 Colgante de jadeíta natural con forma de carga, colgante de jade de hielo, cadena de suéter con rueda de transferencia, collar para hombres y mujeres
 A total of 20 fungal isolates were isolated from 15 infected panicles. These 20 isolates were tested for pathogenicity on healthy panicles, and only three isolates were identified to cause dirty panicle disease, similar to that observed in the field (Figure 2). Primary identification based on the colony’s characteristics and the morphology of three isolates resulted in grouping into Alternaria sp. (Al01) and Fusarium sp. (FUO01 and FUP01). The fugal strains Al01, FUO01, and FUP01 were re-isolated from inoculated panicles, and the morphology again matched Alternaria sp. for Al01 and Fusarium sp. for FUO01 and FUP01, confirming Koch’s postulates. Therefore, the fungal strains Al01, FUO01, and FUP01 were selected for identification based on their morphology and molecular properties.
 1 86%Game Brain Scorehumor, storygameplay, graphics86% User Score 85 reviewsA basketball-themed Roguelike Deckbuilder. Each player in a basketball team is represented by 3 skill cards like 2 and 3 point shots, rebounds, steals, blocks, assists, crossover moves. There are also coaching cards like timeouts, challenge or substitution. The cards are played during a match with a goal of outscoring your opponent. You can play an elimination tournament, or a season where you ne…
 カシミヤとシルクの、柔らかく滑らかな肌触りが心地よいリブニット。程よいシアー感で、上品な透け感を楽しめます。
...
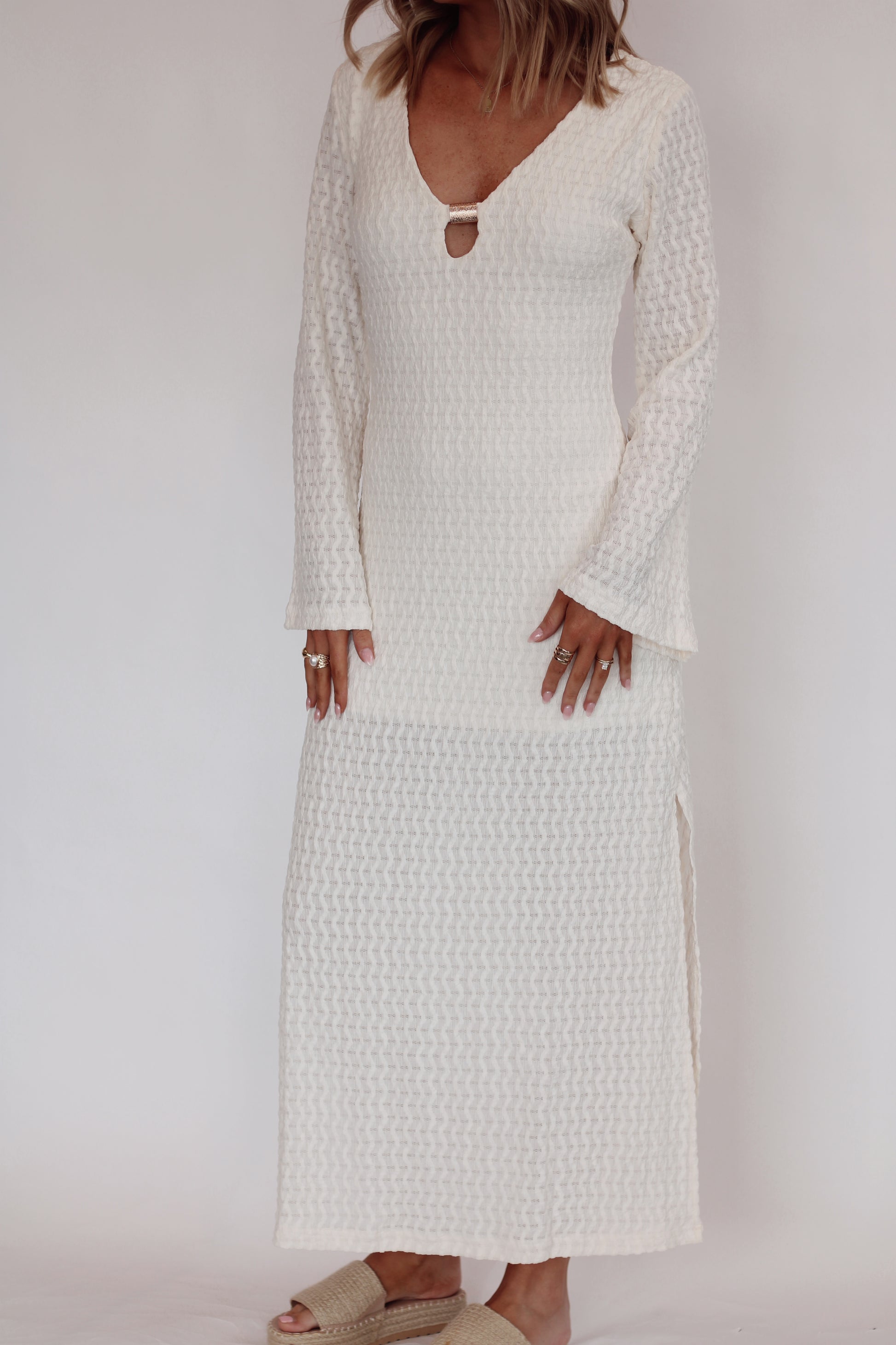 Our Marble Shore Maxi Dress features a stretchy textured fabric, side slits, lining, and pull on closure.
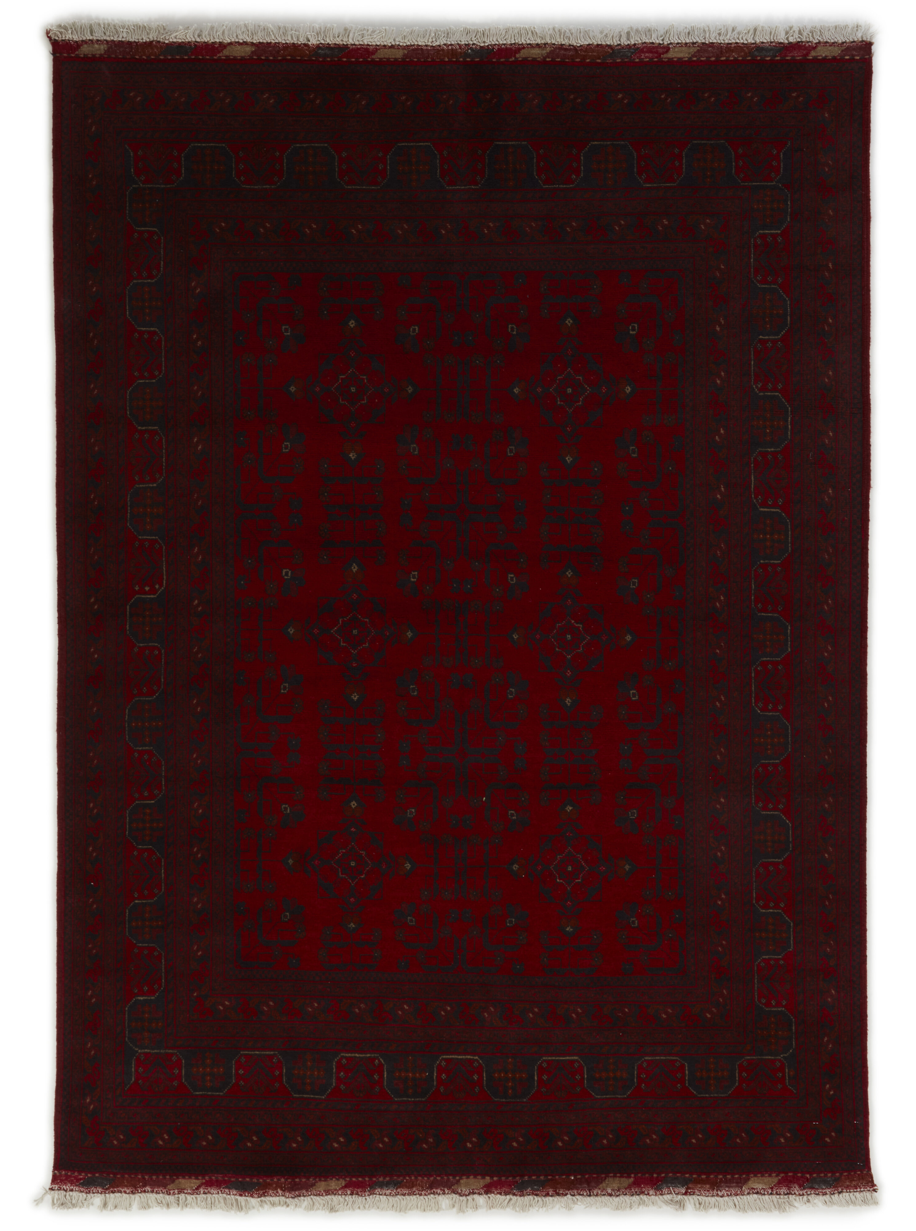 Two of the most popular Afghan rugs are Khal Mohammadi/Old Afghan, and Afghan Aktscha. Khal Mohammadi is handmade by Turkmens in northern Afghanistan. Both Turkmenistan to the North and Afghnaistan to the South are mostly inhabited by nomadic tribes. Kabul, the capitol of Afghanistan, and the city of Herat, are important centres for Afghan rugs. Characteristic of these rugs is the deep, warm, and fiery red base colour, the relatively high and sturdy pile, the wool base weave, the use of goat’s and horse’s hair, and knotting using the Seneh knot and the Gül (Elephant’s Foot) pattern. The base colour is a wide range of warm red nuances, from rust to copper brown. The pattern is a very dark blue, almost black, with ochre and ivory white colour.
...
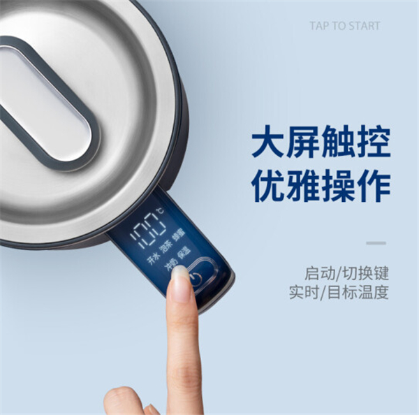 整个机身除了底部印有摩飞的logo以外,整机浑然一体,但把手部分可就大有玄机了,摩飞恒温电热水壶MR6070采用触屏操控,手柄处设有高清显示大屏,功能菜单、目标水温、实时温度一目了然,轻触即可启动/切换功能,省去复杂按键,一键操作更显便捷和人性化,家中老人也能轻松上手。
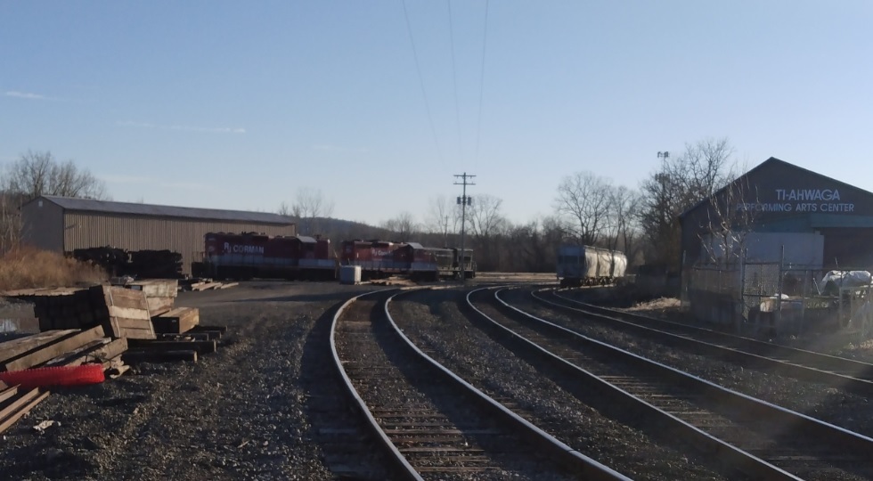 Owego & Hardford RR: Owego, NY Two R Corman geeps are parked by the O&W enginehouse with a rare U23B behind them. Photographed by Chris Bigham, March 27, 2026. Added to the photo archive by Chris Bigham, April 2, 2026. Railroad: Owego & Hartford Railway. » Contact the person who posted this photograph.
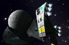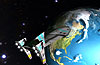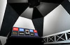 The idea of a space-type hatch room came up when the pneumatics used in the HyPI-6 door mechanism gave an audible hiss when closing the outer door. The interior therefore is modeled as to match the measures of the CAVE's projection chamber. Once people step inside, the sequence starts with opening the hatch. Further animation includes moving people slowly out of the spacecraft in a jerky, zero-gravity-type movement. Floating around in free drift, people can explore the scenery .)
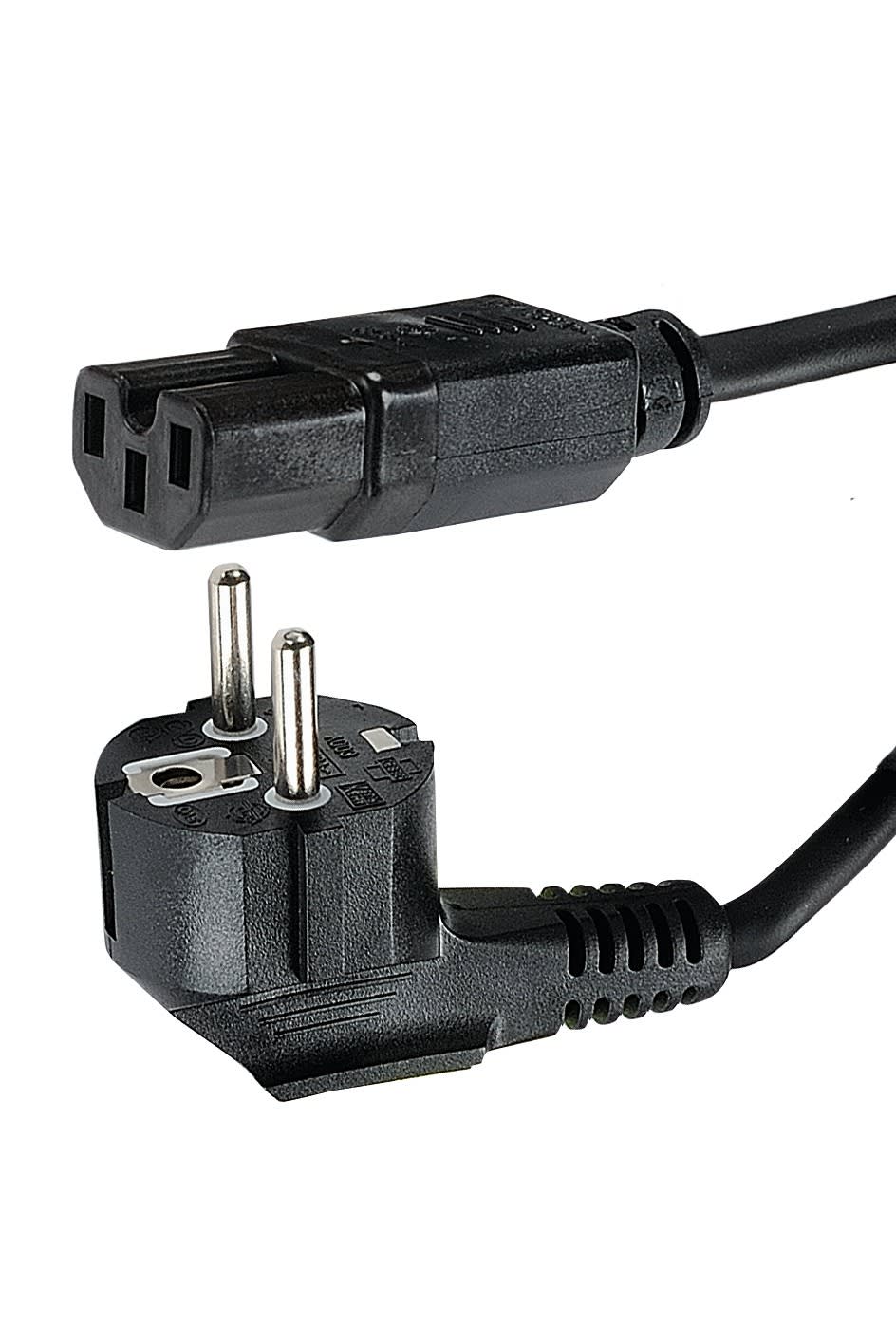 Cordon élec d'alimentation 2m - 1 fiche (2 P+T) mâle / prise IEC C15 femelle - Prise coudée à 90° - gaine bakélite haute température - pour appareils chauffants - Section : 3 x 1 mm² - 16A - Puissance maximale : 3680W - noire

WHAT YOU ARE ASKED TO DO ▸ Output exactly the lines above, from the line with "The idea of" to the line with "Cordon élec d'alimentation", both included; skip the pictures.

FINISHED TASK ▸
 The idea of a space-type hatch room came up when the pneumatics used in the HyPI-6 door mechanism gave an audible hiss when closing the outer door. The interior therefore is modeled as to match the measures of the CAVE's projection chamber. Once people step inside, the sequence starts with opening the hatch. Further animation includes moving people slowly out of the spacecraft in a jerky, zero-gravity-type movement. Floating around in free drift, people can explore the scenery .)
 Cordon élec d'alimentation 2m - 1 fiche (2 P+T) mâle / prise IEC C15 femelle - Prise coudée à 90° - gaine bakélite haute température - pour appareils chauffants - Section : 3 x 1 mm² - 16A - Puissance maximale : 3680W - noire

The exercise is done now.